Mary Mallon, nacida en Irlanda, emigró a los Estados Unidos con 15 años y, al igual que la mayoría de inmigrantes irlandesas de la época, trabajó como empleada de hogar. Sin embargo, demostró manejarse bien entre los fogones y, por decirlo de alguna manera, ascendió a cocinera, el puesto mejor remunerado en el gremio de los sirvientes de una casa. Durante varios años estuvo trabajando en diferentes casas sin problema alguno, ninguna queja más allá de que algún plato se quedase soso o que hubiese hecho demasiado la carne, hasta que llegó aquel fatídico día de 1907.

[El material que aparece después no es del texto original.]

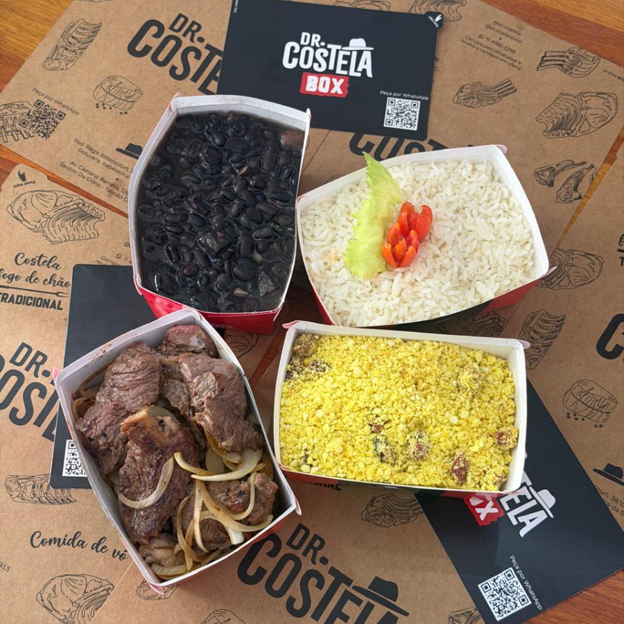 01 Box 500gr de Costela + 03 Acompanhamentos a escolher.

Un tal George Soper, investigador sanitario, se presentó en la que casa que trabajaba Mary por un brote de fiebre tifoidea que sufrieron varios miembros de una familia con la que ella había trabajado anteriormente. La señora de la casa los dejó solos en la cocina, y cuando el investigador le pidió una muestra de sangre y heces para analizarla, nuestra cocinera, indignada y furiosa, arremetió contra él tenedor en mano. Solo el hecho de ser investigada ponía en duda su trabajo y la limpieza en la cocina y, además, hacia tambalearse su medio de vida. Lógicamente, George salió pitando y se dirigió a una comisaría para explicar la situación y obtener una orden para que le diese las muestras. Cuando llegó la policía, la detuvo, y a la buena de Mary no le quedó más remedio que acceder. Y sí, dio positivo por bacterias tifoideas. El Departamento de Salud de Nueva York ordenó aislarla y dejarla en cuarenta. Desde aquel momento, a Mary le cambiaron el apellido de Mallon por el de “Tifoidea”. No entendía nada, ella nunca había padecido la fiebre tifoidea, estaba sana ¿por qué la encerraban? Tras dos años de encierro, juicios, apelaciones, recursos y demás cuestiones judiciales, fue puesta en libertad con la condición de no acercarse nunca más a una cocina, ya que en la falta de higiene a la hora de manipular los alimentos estaba la transmisión de la bacteria, bajo la amenaza de un nuevo encierro mucho más largo. Cinco años después, bajo un nombre falso y tras un nuevo brote de fiebre tifoidea en un hospital, entre los pucheros de la cocina del centro médico encontraron a Mary. Al haber roto su promesa, la detuvieron y la mandaron de vuelta a la cuarentena en 1915. Cuando se estudiaron los casos de fiebre tifoidea relacionados con ella se llegó a la conclusión de que contagió a 51 personas, de las que 3 murieron. Es fácil que estas cifras no sean un reflejo de la realidad, porque durante estos cinco años utilizó varios nombres falsos y los contagios o muertes correspondientes a este período no aparecerían contabilizados. Sea como fuere, Mary pasó encerrada el resto de sus días, ni más ni menos que 23 años.


Hoy sabemos que ser portador de una enfermedad y no desarrollarla no es tan inusual. De hecho, hasta el 6 % de las personas que han tenido fiebre tifoidea pueden propagarla tiempo después de haberse recuperado, e incluso sin haber padecido ningún síntoma. El problema es que Mary resulto ser la primera persona identificada como portadora asintomática del patógeno, y por ello tuvo que pagar un precio muy alto. Bueno, también ella le echó leña al fuego al no respetar la prohibición. A pesar de que hubo otros portadores asintomáticos conocidos poco tiempo después, como el de Tony Labella, que contagió a 122 personas y 5 murieron, ya nadie le quitó el sambenito de “Tifoidea” a la pobre Mary, Por cierto, el confinamiento de Tony solo duró dos semanas. ¿Tendría algo que ver que Mary era mujer, inmigrante irlandesa y de clase humilde? Vamos, era más fácil «vender» como supercontagiadora a Mary que a Tony, un neoyorquino de pura cepa.

Mary Mallon, una mujer cuyo legado a la historia ha sido el de su apelativo, “Tifoidea”.